→ EXERCISE OBJECTIVE: What you return should be only the lines starting at the one that contains "French Villedieu Set" and running to the end of the listing, exactly as written, minus any pictures.

START RECORDED DATA

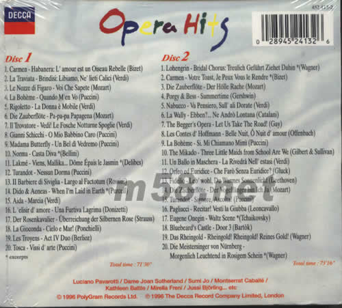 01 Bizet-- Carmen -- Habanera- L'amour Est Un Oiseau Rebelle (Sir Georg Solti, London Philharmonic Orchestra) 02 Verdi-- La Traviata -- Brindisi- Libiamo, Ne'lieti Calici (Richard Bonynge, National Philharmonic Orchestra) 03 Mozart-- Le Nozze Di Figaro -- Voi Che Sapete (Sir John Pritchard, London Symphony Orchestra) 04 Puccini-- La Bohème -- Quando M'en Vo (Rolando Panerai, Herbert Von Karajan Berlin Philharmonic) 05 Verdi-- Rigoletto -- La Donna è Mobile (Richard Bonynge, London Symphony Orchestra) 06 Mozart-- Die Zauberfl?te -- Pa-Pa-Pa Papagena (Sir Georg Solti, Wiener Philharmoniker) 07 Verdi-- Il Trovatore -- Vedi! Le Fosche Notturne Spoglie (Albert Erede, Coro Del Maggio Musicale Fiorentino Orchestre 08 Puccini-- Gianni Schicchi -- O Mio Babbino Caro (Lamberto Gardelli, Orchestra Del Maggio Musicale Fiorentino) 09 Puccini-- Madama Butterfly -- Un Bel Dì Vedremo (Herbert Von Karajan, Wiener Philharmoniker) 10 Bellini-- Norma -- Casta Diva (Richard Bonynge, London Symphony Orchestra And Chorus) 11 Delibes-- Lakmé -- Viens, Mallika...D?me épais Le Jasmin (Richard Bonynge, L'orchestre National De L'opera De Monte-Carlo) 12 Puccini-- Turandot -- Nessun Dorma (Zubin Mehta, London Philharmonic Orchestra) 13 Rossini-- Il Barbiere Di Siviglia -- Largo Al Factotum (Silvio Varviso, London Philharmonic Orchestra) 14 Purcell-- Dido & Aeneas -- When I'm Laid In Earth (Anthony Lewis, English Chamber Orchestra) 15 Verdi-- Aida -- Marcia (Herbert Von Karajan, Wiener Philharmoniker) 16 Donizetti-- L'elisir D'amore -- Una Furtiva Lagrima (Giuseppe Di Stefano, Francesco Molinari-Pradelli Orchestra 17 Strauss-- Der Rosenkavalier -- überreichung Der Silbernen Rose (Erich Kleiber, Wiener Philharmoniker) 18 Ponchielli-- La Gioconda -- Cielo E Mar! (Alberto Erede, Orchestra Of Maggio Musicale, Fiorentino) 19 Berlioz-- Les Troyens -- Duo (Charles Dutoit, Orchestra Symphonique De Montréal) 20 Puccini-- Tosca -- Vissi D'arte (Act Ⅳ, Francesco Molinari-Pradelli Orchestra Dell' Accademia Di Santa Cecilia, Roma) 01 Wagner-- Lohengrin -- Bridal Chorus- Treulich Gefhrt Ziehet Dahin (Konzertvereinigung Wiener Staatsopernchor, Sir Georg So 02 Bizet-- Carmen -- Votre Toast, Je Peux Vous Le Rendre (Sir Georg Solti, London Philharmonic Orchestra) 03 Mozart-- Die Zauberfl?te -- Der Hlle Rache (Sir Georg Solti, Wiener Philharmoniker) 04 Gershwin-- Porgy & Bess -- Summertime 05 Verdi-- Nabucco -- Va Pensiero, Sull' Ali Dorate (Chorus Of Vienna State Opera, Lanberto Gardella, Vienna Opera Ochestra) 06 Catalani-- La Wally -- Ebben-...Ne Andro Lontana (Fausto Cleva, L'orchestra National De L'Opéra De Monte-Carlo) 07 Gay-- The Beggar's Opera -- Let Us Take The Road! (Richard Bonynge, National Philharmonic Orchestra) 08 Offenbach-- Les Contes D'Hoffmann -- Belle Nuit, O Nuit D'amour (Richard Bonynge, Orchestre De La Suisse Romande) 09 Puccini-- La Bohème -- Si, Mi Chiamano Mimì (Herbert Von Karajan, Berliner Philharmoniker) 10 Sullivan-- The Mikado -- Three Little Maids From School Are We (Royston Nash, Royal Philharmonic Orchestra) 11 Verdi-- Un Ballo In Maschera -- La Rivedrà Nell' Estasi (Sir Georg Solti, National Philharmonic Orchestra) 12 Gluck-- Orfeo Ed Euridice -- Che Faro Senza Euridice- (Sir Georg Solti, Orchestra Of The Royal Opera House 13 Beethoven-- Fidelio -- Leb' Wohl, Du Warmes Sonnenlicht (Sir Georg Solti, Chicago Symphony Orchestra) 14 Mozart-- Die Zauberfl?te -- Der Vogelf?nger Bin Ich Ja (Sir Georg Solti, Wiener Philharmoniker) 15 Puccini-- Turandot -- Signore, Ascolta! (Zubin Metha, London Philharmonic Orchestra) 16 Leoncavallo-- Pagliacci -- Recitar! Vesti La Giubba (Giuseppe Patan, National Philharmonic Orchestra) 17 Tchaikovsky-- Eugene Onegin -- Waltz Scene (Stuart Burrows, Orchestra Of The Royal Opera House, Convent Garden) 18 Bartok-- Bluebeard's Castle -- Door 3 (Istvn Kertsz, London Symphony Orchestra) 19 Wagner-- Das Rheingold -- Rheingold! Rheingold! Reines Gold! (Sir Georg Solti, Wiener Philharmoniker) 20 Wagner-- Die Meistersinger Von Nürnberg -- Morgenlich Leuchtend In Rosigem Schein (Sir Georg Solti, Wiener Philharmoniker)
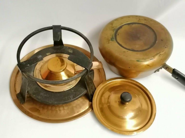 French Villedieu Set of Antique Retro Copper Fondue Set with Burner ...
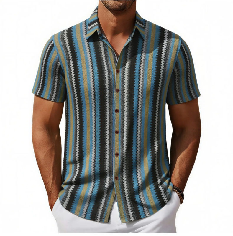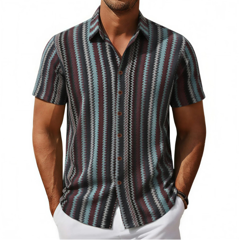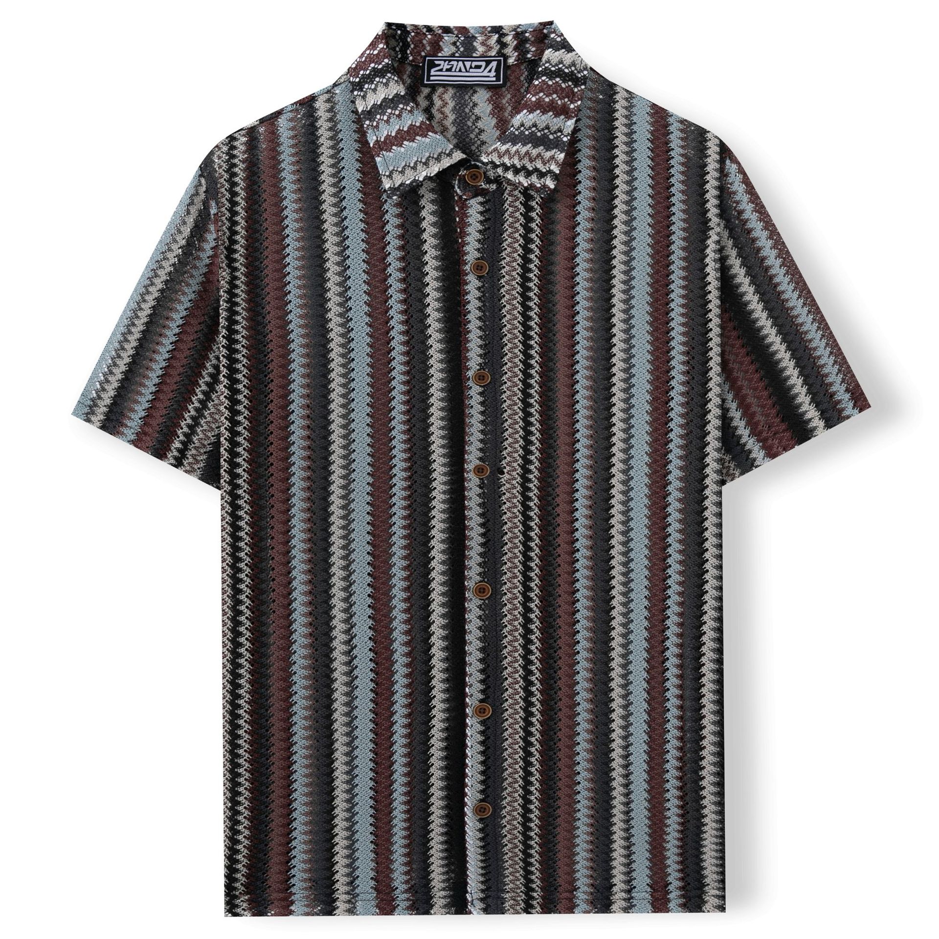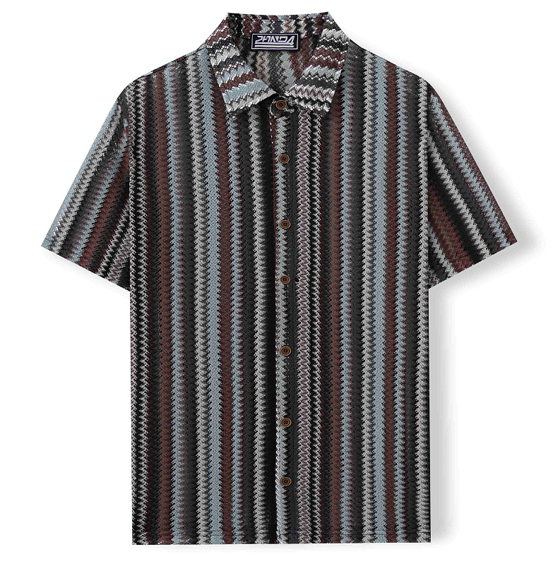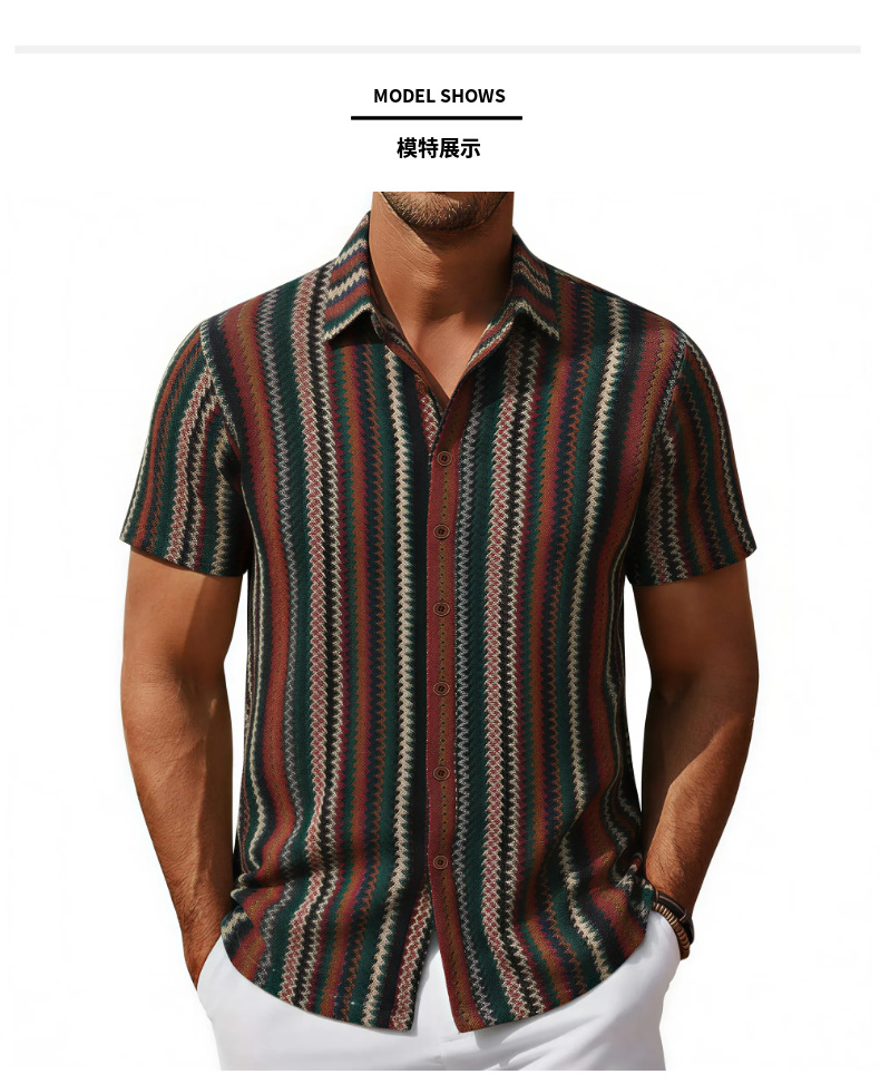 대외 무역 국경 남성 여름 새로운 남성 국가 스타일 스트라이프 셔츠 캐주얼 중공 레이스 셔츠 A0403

END RECORDED DATA

→ WRITTEN RESPONSE:
 French Villedieu Set of Antique Retro Copper Fondue Set with Burner ...
 대외 무역 국경 남성 여름 새로운 남성 국가 스타일 스트라이프 셔츠 캐주얼 중공 레이스 셔츠 A0403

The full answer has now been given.